Gérard Worms (1 August 1936 – 31 August 2020) was a French banker and businessman. He was the Vice Chairman of Rothschild Europe and Senior Advisor of Rothschild & Cie Banque.

== Early life and education ==
Gérard Worms was born on 1 August 1936, in Paris. He graduated from the École Polytechnique and Mines ParisTech.

== Career ==
He started his career as a technical adviser in the French civil service. He was an advisor to Olivier Guichard (1920–2004), Minister of Industry from 1967 to 1968, and to Jacques Chaban-Delmas (1915–2000), Prime Minister from 1969 to 1972. Since 1972, he has worked at the Hachette Group, the Rhône-Poulenc Group, the Société Générale de Belgique, and Telecom Italia. He was Deputy Chairman of the supervisory board and Vice President of M6. From 1990 to 1995, he was the chief executive officer of the Compagnie de Suez. From 1995 to 1999, he was Chairman of the Compagnie de Suez and Indosuez Private Banking.

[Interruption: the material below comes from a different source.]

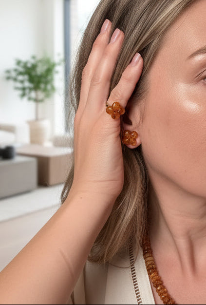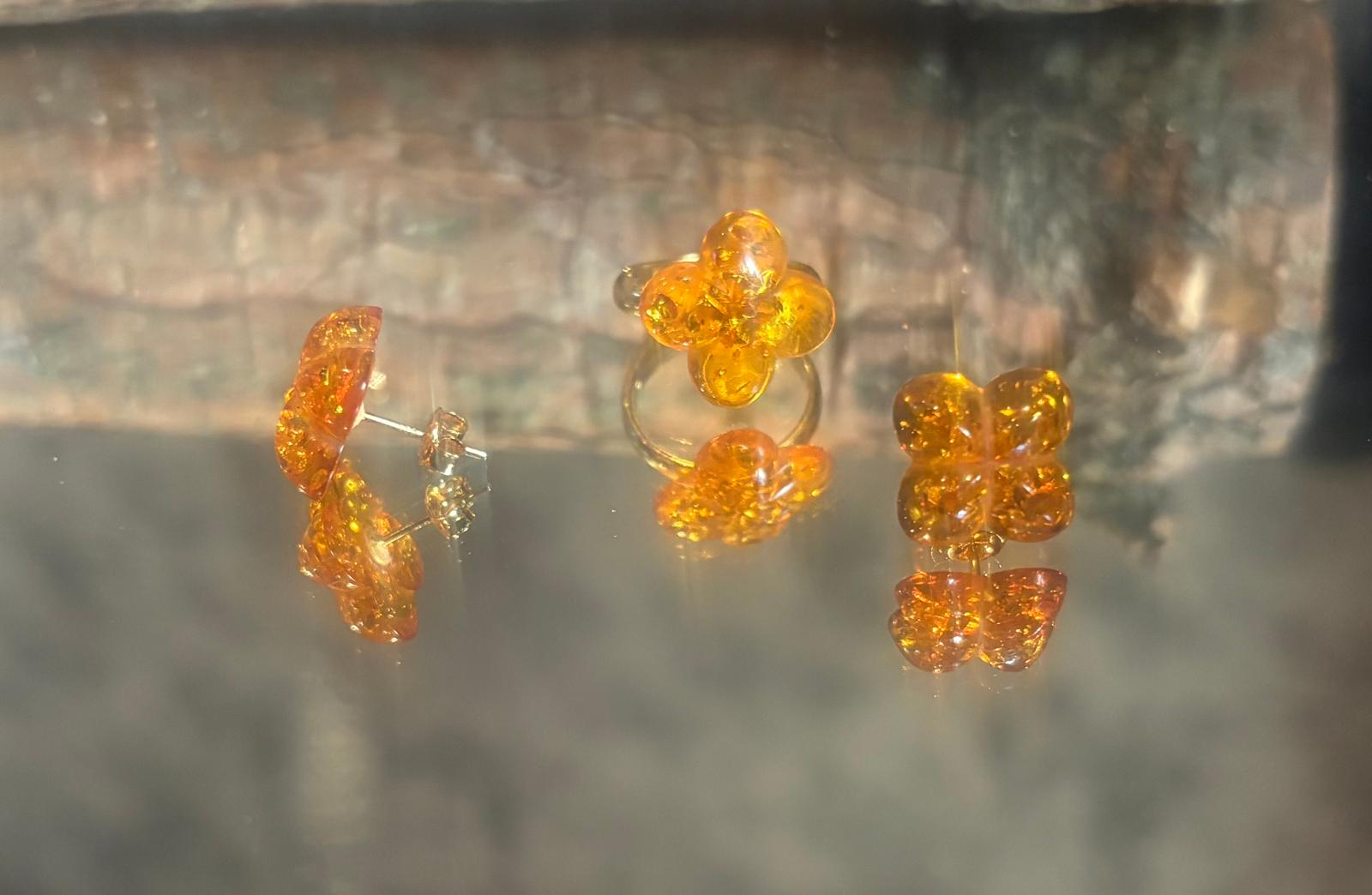 Schönes Set aus einem Ring und einem Paar Ohrstecker Naturbernstein

He was a member of the supervisory board of Publicis from 1998 to 2013. He was on the Boards of Directors of Saatchi & Saatchi, Mercapital, Éditions Atlas, Paris Orléans, Financière Saint Merri, and Cofide. He was the Chairman of the International Chamber of Commerce (ICC) from 2011 to 2013. He also was on the Board of Advisors of Degrémont. Additionally, he was a member of Le Siècle, a French think tank. He also sat on the Board of Directors of the Fondation Ensemble and on the Ethics Committee of Fondapol.

He taught at the HEC Paris, the University of Paris, and his alma mater, the École Polytechnique. He also co-wrote a book.

He was the Chairman of Rothschild & Cie Banque (Paris) from 1995 to 1999. He was Vice Chairman of the European subsidiary of Banque privée Edmond de Rothschild. He also was chief executive officer of N. M. Rothschild & Sons. He was Vice Chairman of Rothschild Europe and Senior Advisor of Rothschild & Cie Banque. Additionally, he was on the Audit Committee of Publicis.

== Death ==
Worms died on 31 August 2020.

== Bibliography ==
- Gérard Worms, Jean Mothes, Méthodes modernes de l'économie appliquée (Dunod, 1974, 259 pages).